Read the rest of this entry »

Disclaimer

184 views
1 Star2 Stars3 Stars4 Stars5 Stars (4 votes, average: 4.75 out of 5)
Loading ... Loading ...

11.03.11

Bandwidth – reloaded

Posted in Random Thoughts, Tech at 1:59 pm by Liv About Liviu Tudor

I’ve posted before about bandwidth in my posts and I knew from the beginning that it’s one of those issues that you can never exhaust. As it happens recently I came across another interesting thing which is probably worth sharing: cross browser delivery. In brief, it means delivering to each browser the content it can “understand” and more to the point display.

Sure it is easy to deliver the same content to each and every browser – it means you don’t have to do any browser “targeting”, and as such your code is easier to maintain and write. It does mean however you are pumping out quite often a lot of content that browsers will have to ignore as they cannot display it. For instance, some of you might not know this but there are a few text-only browsers in the unix world (mainly lynx or elinks) that have been designed to work for instance in a text console — they have no capabilities of displaying images, flash movies, quicktime etc as typically the container they get launched in doesn’t offer anything but text (think old-style green terminals!). You’d think that there is no point for someone to use these browsers and in most cases you’re correct, but imagine this: you’ve ssh’d into a server and figured out you need to download a patch to some component. You got 2 options:

  1. browse the net on your desktop using a “proper” browser, download the patch locally and then upload it onto the server to apply it
  2. use the likes of lynx on the server directly, google and find the patch, download it right onto your server and apply it

The latter surely is not the most user-friendly experience but it has the advantage of typically being fast: if your server is in a data centre it will quite likely have a fast connection and since it is a server by definition it is more powerful than your desktop machine so more than likely the download will complete in an instant. On the other hand, in the case of the former, the initial download onto your desktop is guaranteed to be slower as it will go through your office internet connection (I don’t know of that many companies that have a gigabit connection from their office!) and on top of that you have to then take the hit again to upload this onto the server through the same (slow) office connection.
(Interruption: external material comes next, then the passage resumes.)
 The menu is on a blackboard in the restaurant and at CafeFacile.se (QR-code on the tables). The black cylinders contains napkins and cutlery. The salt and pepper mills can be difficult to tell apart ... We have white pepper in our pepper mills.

And if you have to jump through another machine to reach your server you have doubled the hassle for the sole purpose of avoiding using a text-based browser!

Don’t get me wrong, I don’t think anyone in their right mind would actually use one of these browsers all the time – but they do exist and are occasionally used, and as such you’ll probably find you get occasional hits from them. And chances are each time you reply with the same JavaScript block (that gets downloaded but not executed), or flash content, image etc only so the browser can ignore it. On average you’ll probably get about 0.5 to 1 % of your hits I would say based on previous observations, though there are of course variations. That’s not a big percentage but it can add up to big numbers depending on the size of the site your solution is running on: on a site with a daily average of 10,000 page views a day (and this isn’t by any means a big site – 300k page views a month isn’t a big number at all!) about 100 requests will come from these sort of browsers, and with an average response of say 5k (though I’m guessing the reality is higher than that if you have graphics etc as it will probably some up to about 30k or so) you are wasting daily on this site alone 0.5 MB. Doesn’t sound like much, but if you’re dealing with say 20 sites (though again, in reality, if you’re an average advertising solution you’re more likely to deal with at least 100 of them) that means 10MB a day wasted for these browsers alone.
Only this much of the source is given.